Deze functie is beschikbaar voor Cloud Identity Premium. Versies vergelijken
Op de pagina 'Controle en onderzoek' kunt u zoekopdrachten met betrekking tot gebeurtenissen in het apparaatlogboek uitvoeren. Daar ziet u een overzicht van de acties op computers, mobiele apparaten en smarthome-apparaten die worden gebruikt om de gegevens van uw organisatie te openen. U kunt het bijvoorbeeld zien als een gebruiker een account toevoegt aan een apparaat of als het wachtwoord van een apparaat niet voldoet aan uw wachtwoordbeleid. U kunt ook instellen dat u een melding krijgt als zich een bepaalde gebeurtenis voordoet.

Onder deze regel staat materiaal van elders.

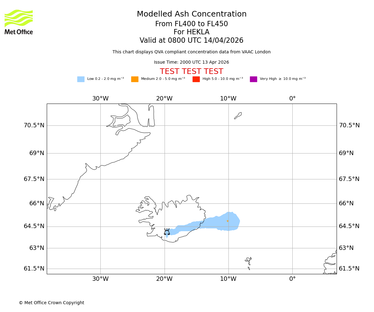 Modelled ash concentration from 400 to 450 for HEKLA. Valid at 0500 UTC 14/04/2026

Raadpleeg Over de controle- en onderzoekstool voor een volledige lijst van services en activiteiten die u kunt onderzoeken, zoals Google Drive of gebruikersactiviteit.
De controle- en onderzoekspagina openen
Voordat u begint
- Als u alle controlegebeurtenissen van mobiele apparaten wilt zien, moeten de apparaten worden beheerd met geavanceerd mobiel beheer.
- Als u wijzigingen in apps op Android-apparaten wilt zien, moet u app-controle inschakelen.
- U kunt geen activiteiten zien op apparaten die bedrijfsgegevens synchroniseren met Google Sync.
- Als u downgradet naar een versie waarin het controlelogboek niet wordt ondersteund, verzamelt het controlelogboek geen gegevens meer voor nieuwe gebeurtenissen. Oude gegevens blijven wel beschikbaar voor beheerders.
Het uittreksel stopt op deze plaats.